Work to be completed >>
Up to and including the line holding "资料图:当地时间9月18日,美国首都华盛顿国家广场上插着数十万白色旗帜,悼念新冠逝者。 中新社记者 陈孟统", write out the data exactly from its first line, but not the pictures.

Data provided >>
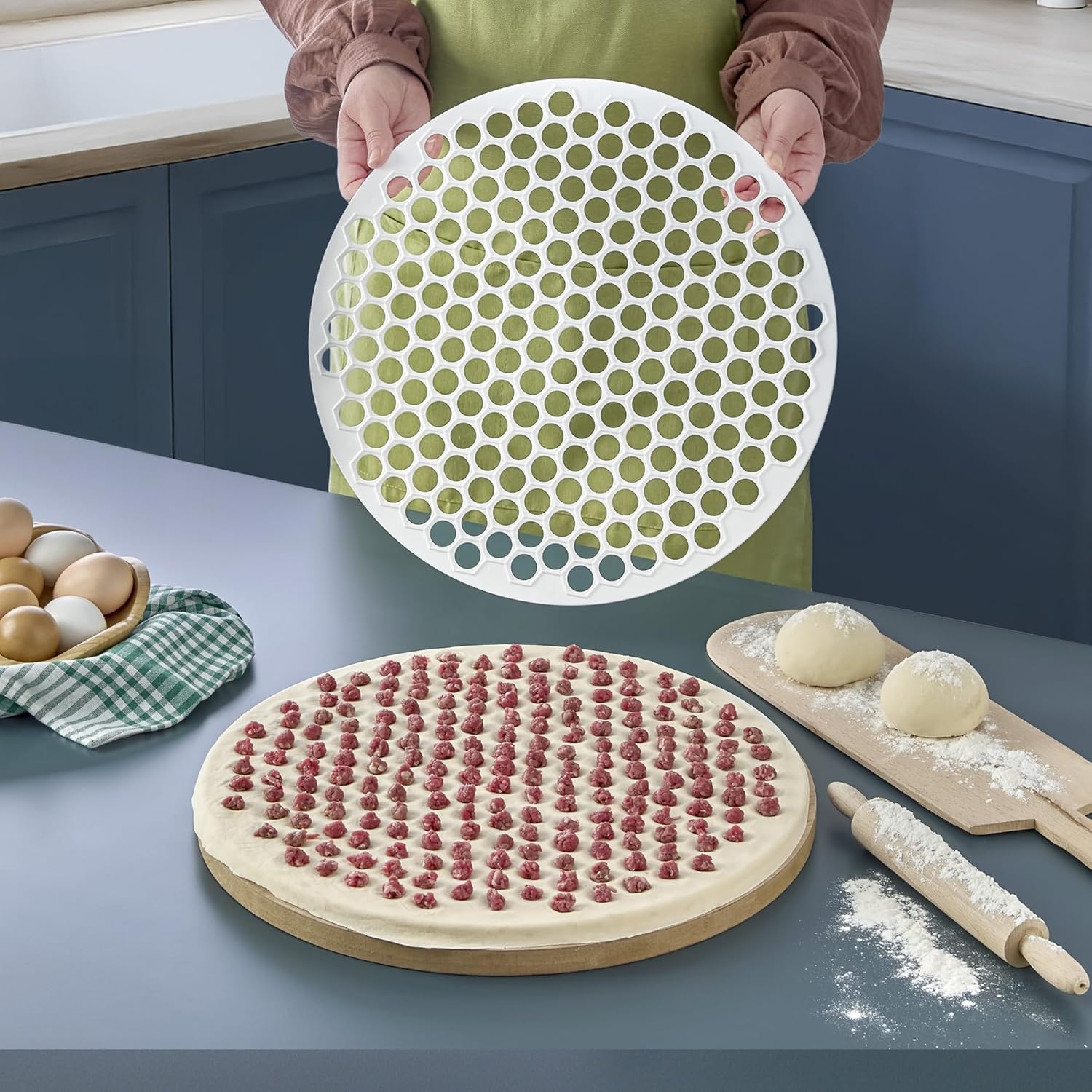 BOYUT: 40 cm çapında geniş yüzeye sahip, 199 göz bölmeli profesyonel mantı kalıbı KULLANIM: Tek seferde 199 adet mantı yapabilme kapasitesi ile zamandan tasarruf sağlar MALZEME: Dayanıklı beyaz plastikten üretilmiş, gıda ile temasa uygun yapı PRATİK TASARIM: Düzenli aralıklı göz yapısı sayesinde eşit boyutlu mantılar hazırlama imkanı TEMİZLİK: Pürüzsüz yüzeyi sayesinde kolay temizlenebilir ve bulaşık makinesinde yıkanabilir özellik GMantı Kalıbı, 40 cm, 199 Gözlü, Beyaz Plastik, El Yapımı Mantı Hazırlama İçin
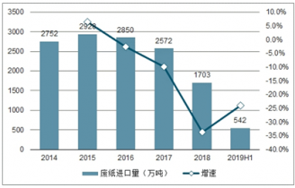 2014-2019年H1中國(guó)進(jìn)口廢紙量及增速趨勢(shì)
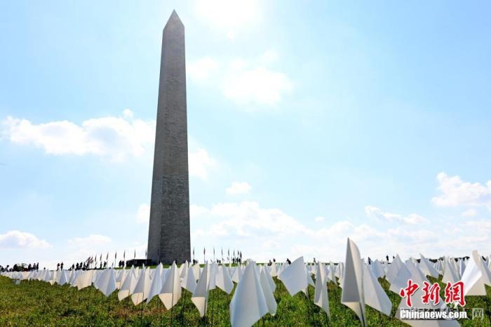 资料图:当地时间9月18日,美国首都华盛顿国家广场上插着数十万白色旗帜,悼念新冠逝者。 中新社记者 陈孟统 摄
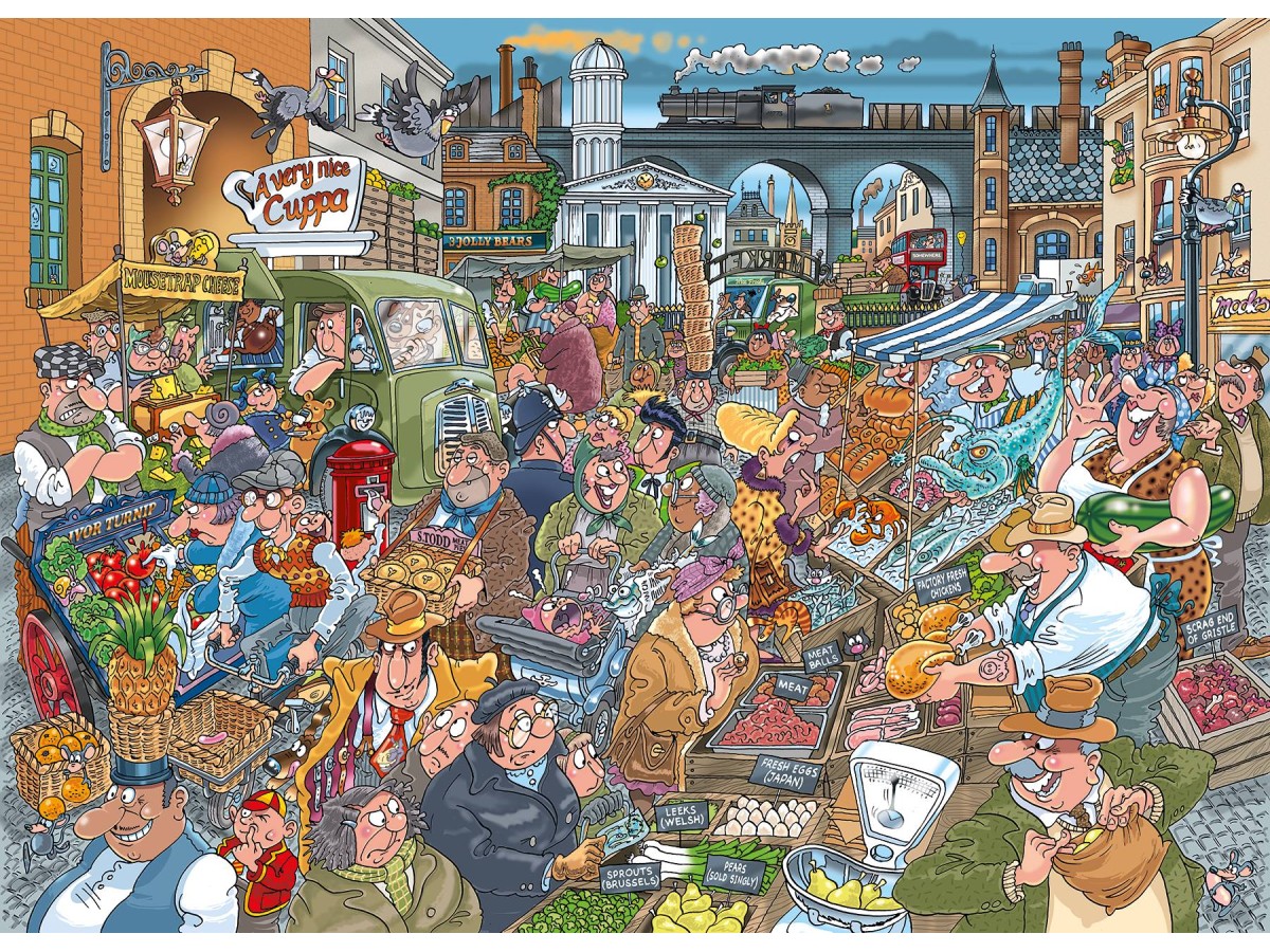 Imaginea puzzle-ului Jumbo Wasgij Destiny 26 - Organic Overload! surprinde o piață aglomerată, plină de oameni și tarabe, într-un decor urban ce amintește de orașele europene tradiționale. Peisajul este animat de personaje variate, de la vânzători și cumpărători până la vizitatori de diferite vârste. În prim-plan, sunt vizibile mai multe tarabe, unele cu fructe și legume proaspete, altele cu produse de panificație. Prin mulțime se remarcă personaje îmbrăcate în haine colorate, creând o scenă vibrantă și plină de viață. Arhitectura clădirilor din fundal sugerează o influență europeană, cu fațade ornamentate și detalii clasice. Această ilustrație complexă și bine detaliată oferă o privire captivantă asupra vieții urbane agitate.
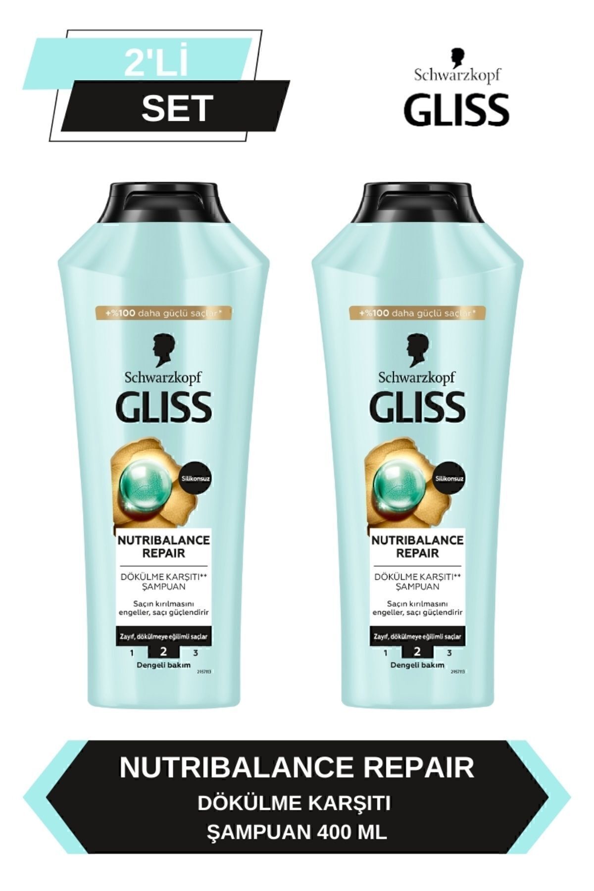 Gliss Nutribalance Repair Anti-Hair Loss Shampoo 400 ml x 2 Pieces
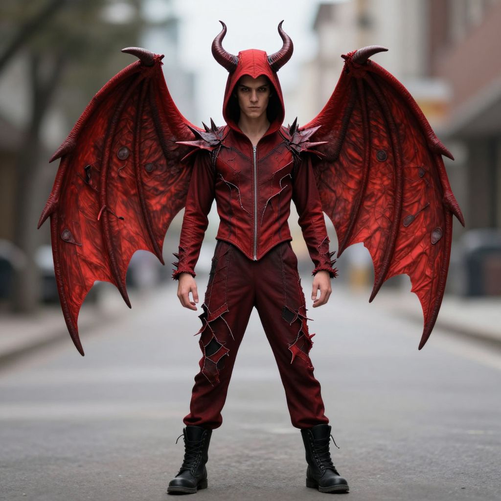 Photograph of a young man standing confidently on an urban street. He wears a red, hooded, form-fitting jacket with black, spiked shoulder armor and matching red pants adorned with black, crisscrossing laces. His outfit is completed with black combat boots. The most striking feature is his large, red, dragon-like wings extending from his back, with dark, jagged edges and textured membrane. He has a red, horned helmet covering his head. The background is blurred, showing a city street with buildings and trees, creating a contrast between the detailed, fantastical costume and the mundane urban setting.
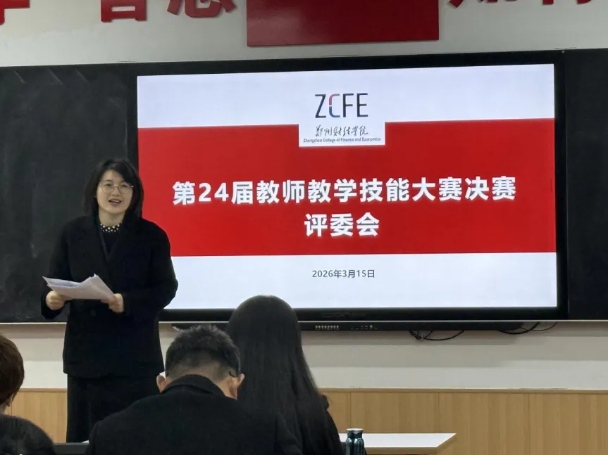 3月15日,郑州财经学院第24届教师教学技能大赛决赛在育明楼顺利举行。本次大赛由教务处主办,以“推动教学创新 培养一流人才”为核心导向,旨在深化教育教学改革,落实课程思政建设要求,以数智化赋能教学创新,筑牢人才培养教学根基。经各教学单位初赛推荐、学校复赛遴选,全校116名参赛教师中,57名优秀教师脱颖而出晋级校级决赛。
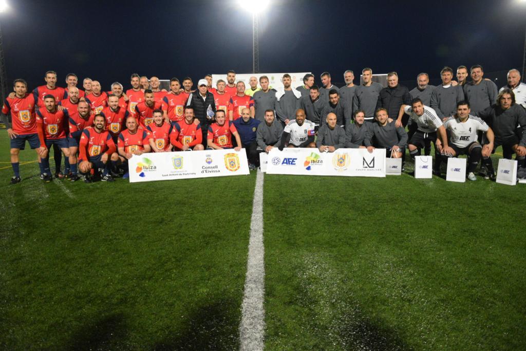 Por su parte, la selección de veteranos de la isla de Ibiza, dirigida por el presidente de la sección de veteranos de la S.D. Portmany, Ángel Miguel Arias, y por Juan Mesa “Labi”, la han compuesto Corral, Juanvi, Toni “Gurupa”, Leo, Javi, Micky Bello, Miguel “Puet”, Miguel “Pep Pera”, Boned, Pepito “Marfil”, José Cívico, Juanan “Puet”, Suso, José Francisco “Pep Pera”, Juan Planells, Jordi, Austin y Marquitos, además de Gero, Santa, Adrián Ramos, Villodre, Llosas, Bartolo, Terri, Fofo, Diego, Pepín, Borja Pando y Robert Pirès.
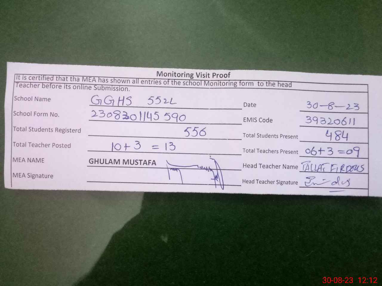 | Remarks (Use Separate Page if Required): Students list for on line attendance found contrary to available record at school Following three teachers are on the posting strength but their names still not updated in the teaching staff list Kindly add their names accordingly Further these 03 teachers found present on duty 1 Farhat Jahan PST 2 Tasnim Kausar PST 3 Sadaf Munir PST | |||||
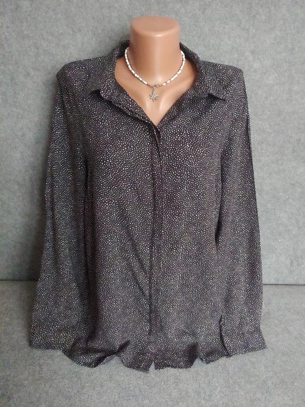 Свободная рубашка блуза из вискозы черного цвета с белый горох 48-50 размера

Exercise result >>
 BOYUT: 40 cm çapında geniş yüzeye sahip, 199 göz bölmeli profesyonel mantı kalıbı KULLANIM: Tek seferde 199 adet mantı yapabilme kapasitesi ile zamandan tasarruf sağlar MALZEME: Dayanıklı beyaz plastikten üretilmiş, gıda ile temasa uygun yapı PRATİK TASARIM: Düzenli aralıklı göz yapısı sayesinde eşit boyutlu mantılar hazırlama imkanı TEMİZLİK: Pürüzsüz yüzeyi sayesinde kolay temizlenebilir ve bulaşık makinesinde yıkanabilir özellik GMantı Kalıbı, 40 cm, 199 Gözlü, Beyaz Plastik, El Yapımı Mantı Hazırlama İçin
 2014-2019年H1中國(guó)進(jìn)口廢紙量及增速趨勢(shì)
 资料图:当地时间9月18日,美国首都华盛顿国家广场上插着数十万白色旗帜,悼念新冠逝者。 中新社记者 陈孟统 摄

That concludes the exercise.